WARNING- THIS MAY ONLY BE FUNNY TO THE SLEEP DEPRIVED.
me: I should grocery shop tonight…I so way don’t even want to!
Mr. Amazing: I am really sorry (it’s what I say now right?)
me: it’s cool… It just means you are getting fried chicken and potato logs for dinner
Mr. Amazing: 🙁
me: So if that doesn’t sound good for dinner… what does
Mr. Amazing: Sounds good = tomatoes and cucumbers in vinegar with fancy cheese and crackers
me: Oohhhh That sounds yummy… What else should I be buying… I gotta be honest… my head is not in the game… I don’t even know what that means
Mr. Amazing: I was laughing when I read that I imagined the announcer voice… “oooh Kerry’s heads not in the game, what d’ya think Chuck” “Well Bill, Kerry normally scores in the high 300s, today may be a down day.” “Well Chuck let’s hope that she can find the groove as she heads down to the frozen foods section”

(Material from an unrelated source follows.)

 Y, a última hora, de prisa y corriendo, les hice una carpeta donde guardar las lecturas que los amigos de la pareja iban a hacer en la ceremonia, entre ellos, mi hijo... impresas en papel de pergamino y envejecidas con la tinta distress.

me: Really… I just pictured me standing in the middle of the fruit and veggie sections screaming FUMBLE! Wanna do some potatoes again?
Mr. Amazing: lol, that sounds good
me: What else sounds good…You be in charge dammit!

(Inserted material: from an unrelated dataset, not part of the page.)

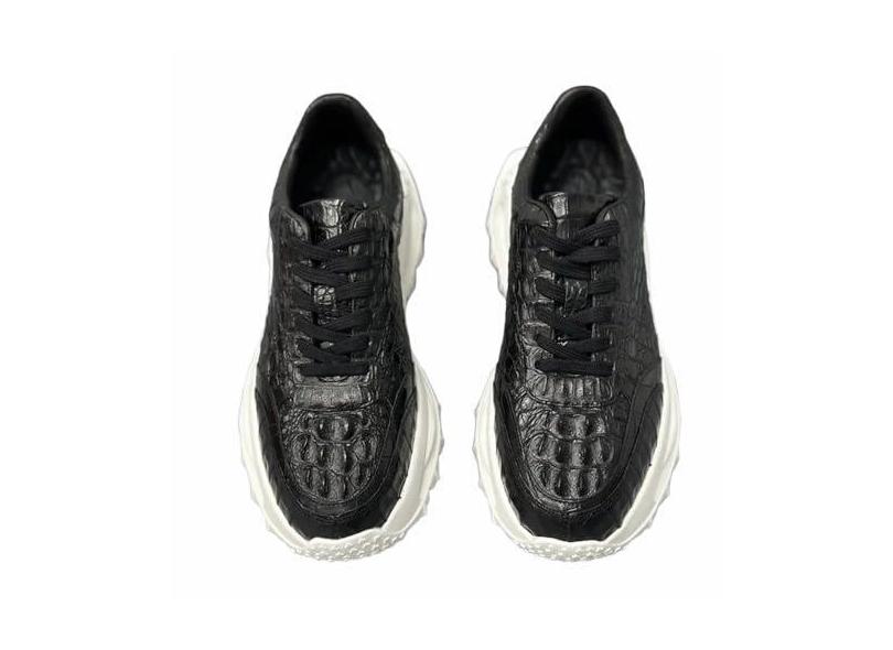 Authentic Exotic Crocodile Skin Brown Color Tênis masculino casual genuíno couro jacaré genuíno masculino macio cadarço sapatilha de caminhada, Preto, 38

Mr. Amazing: dammit- clam chowder in sourdough bread bowls
me: Ohhhh that sounds good
Mr. Amazing: spaghetti with beef tips and veggies in spicy sauce with aged mozzarella, capers and olives
me: Uhhhhhhhh
Mr. Amazing: with rosemary bread on the side
me: BAHAHAHAHA! That’s the funniest shit you have said all day…I say fuck this whole shopping idea, we are eating at 7-11… Slurpee’s for dessert?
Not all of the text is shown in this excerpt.